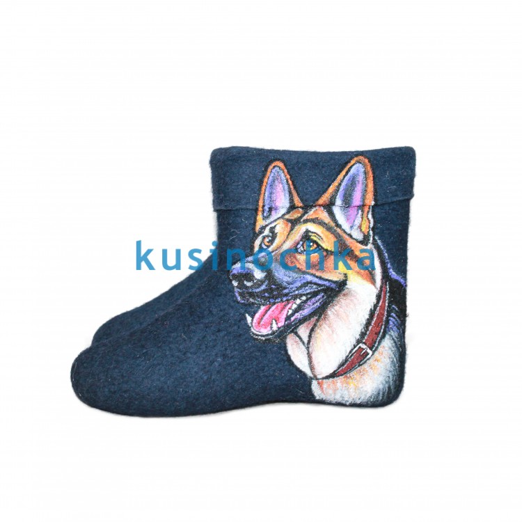 Теплые мужские короткие валенки-самокатки из натуральной шерсти с дизайнерским рисунком акриловыми с ликом немецкой овчарки, любимицы многих владельцев собак. Мужские короткие валенки это не только обувь для деревни, но и очень теплая и модная зимняя обувь для наших мужчин.
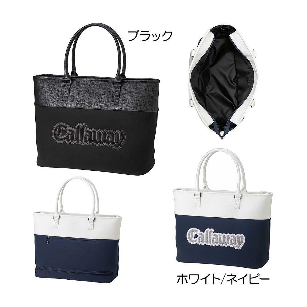 Callawayブランドロゴのフォントを使用したデザインロゴが特徴のトートバッグ。高級感のあるPU生地とマットな生地とのコンビネーションは魅力のひとつ。収納は、メインポケット、背面ファスナーポケットとシューズポケット、内側仕分け用ポケットが3つの、計6つ。メイン収納内側は、ファスナーポケットと小物用ポケットがあり、荷物を仕分けしわけやすい設計。背面には、小物用のファスナーポケットとシューズポケットを配置。内側ポケットは、2分割の差し込みポケットとファスナーポケット。天面はファスナー仕様で、ゴルフシーンでの使いやすさを考えた設計。ハンドルは肩掛け可能な長さで設定可能。
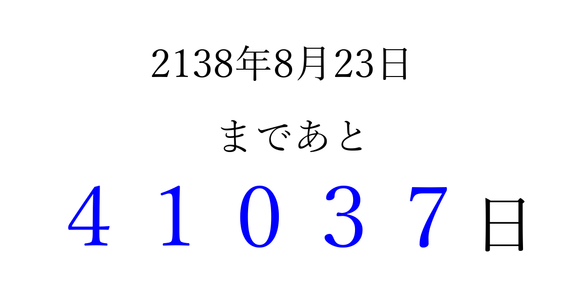 2138年8月23日(土)まで あと 99999 日です 追加すると、トップページからすぐ選べるようになります ※2026/04/16現在の結果です。 最新の状態に更新する ↓シェアして、タイムライン上にカウントダウンを表示しよう!↓ 📤 この結果を共有する Tweet シェア Threads Bluesky 別の日付でカウントダウン 2138年8月のカレンダー このページをブックマークに追加すると、いつでもカウントダウンを確認できます。 (PC: Ctrl+D / Mac: ⌘+D) hitome-notes.comでは以下のページも運営しています。 指定日と期間から日付を計算 | ガチャ確率計算・シミュレーション | プライバシー・ポリシー 運営者:Avocado
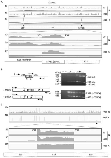Manual examination of the STREX exon and its flanking introns in the integrated genomics viewer (IGV []) identified intron reads at its upstream 3′ but not downstream 5′ splice site (SS) in the nuclear RNA-Seq samples (Figure 2A, non-treated, NT). Upon KCl-treatment (50 mM), the 3′SS read abundance (relative to the 5′ end of the exon) increased from about 30% to 67% on average (p < 0.001, hypergeometric density test) with little increase at the downstream 5′SS. The prominent increase of the upstream 3′SS reads is consistent with its increase in RT-PCR from the pre-mRNA at about five times over that of the downstream 5′SS (Note: band intensity normalized with product lengths, p < 0.01, Figure 2B), and is in contrast to the decreased STREX usage in the KCl-treated samples (from 31% to 21% on average, p < 0.005) similarly as in previous reports [,,]. There were neither such reads in the cytoplasmic samples where the STREX exon reads were abundant (Figure 2A) nor the comparable level of reads around the constitutive exon 14 in the nuclear samples (Figure 2C). Moreover, the 5′ splice site in the upstream intron of STREX accumulated reads as well in the nuclear RNA samples (Figure 2A). Thus, splicing of the STREX upstream intron was specifically inhibited in some pre-mRNA transcripts in the NT and further in the KCl-treated nuclear RNA samples. This is consistent with the inhibition of the upstream 3′ splice site by depolarization and calcium signaling in minigene splicing reporter assays [,,] and supports mainly delayed intron rather than exon definition in the depolarization-regulation of the STREX exon.

> Exercise details
Repeat the full listing above exactly, with no pictures in the copy.

> Answer space
 Теплые мужские короткие валенки-самокатки из натуральной шерсти с дизайнерским рисунком акриловыми с ликом немецкой овчарки, любимицы многих владельцев собак. Мужские короткие валенки это не только обувь для деревни, но и очень теплая и модная зимняя обувь для наших мужчин.
 Callawayブランドロゴのフォントを使用したデザインロゴが特徴のトートバッグ。高級感のあるPU生地とマットな生地とのコンビネーションは魅力のひとつ。収納は、メインポケット、背面ファスナーポケットとシューズポケット、内側仕分け用ポケットが3つの、計6つ。メイン収納内側は、ファスナーポケットと小物用ポケットがあり、荷物を仕分けしわけやすい設計。背面には、小物用のファスナーポケットとシューズポケットを配置。内側ポケットは、2分割の差し込みポケットとファスナーポケット。天面はファスナー仕様で、ゴルフシーンでの使いやすさを考えた設計。ハンドルは肩掛け可能な長さで設定可能。
 2138年8月23日(土)まで あと 99999 日です 追加すると、トップページからすぐ選べるようになります ※2026/04/16現在の結果です。 最新の状態に更新する ↓シェアして、タイムライン上にカウントダウンを表示しよう!↓ 📤 この結果を共有する Tweet シェア Threads Bluesky 別の日付でカウントダウン 2138年8月のカレンダー このページをブックマークに追加すると、いつでもカウントダウンを確認できます。 (PC: Ctrl+D / Mac: ⌘+D) hitome-notes.comでは以下のページも運営しています。 指定日と期間から日付を計算 | ガチャ確率計算・シミュレーション | プライバシー・ポリシー 運営者:Avocado
Manual examination of the STREX exon and its flanking introns in the integrated genomics viewer (IGV []) identified intron reads at its upstream 3′ but not downstream 5′ splice site (SS) in the nuclear RNA-Seq samples (Figure 2A, non-treated, NT). Upon KCl-treatment (50 mM), the 3′SS read abundance (relative to the 5′ end of the exon) increased from about 30% to 67% on average (p < 0.001, hypergeometric density test) with little increase at the downstream 5′SS. The prominent increase of the upstream 3′SS reads is consistent with its increase in RT-PCR from the pre-mRNA at about five times over that of the downstream 5′SS (Note: band intensity normalized with product lengths, p < 0.01, Figure 2B), and is in contrast to the decreased STREX usage in the KCl-treated samples (from 31% to 21% on average, p < 0.005) similarly as in previous reports [,,]. There were neither such reads in the cytoplasmic samples where the STREX exon reads were abundant (Figure 2A) nor the comparable level of reads around the constitutive exon 14 in the nuclear samples (Figure 2C). Moreover, the 5′ splice site in the upstream intron of STREX accumulated reads as well in the nuclear RNA samples (Figure 2A). Thus, splicing of the STREX upstream intron was specifically inhibited in some pre-mRNA transcripts in the NT and further in the KCl-treated nuclear RNA samples. This is consistent with the inhibition of the upstream 3′ splice site by depolarization and calcium signaling in minigene splicing reporter assays [,,] and supports mainly delayed intron rather than exon definition in the depolarization-regulation of the STREX exon.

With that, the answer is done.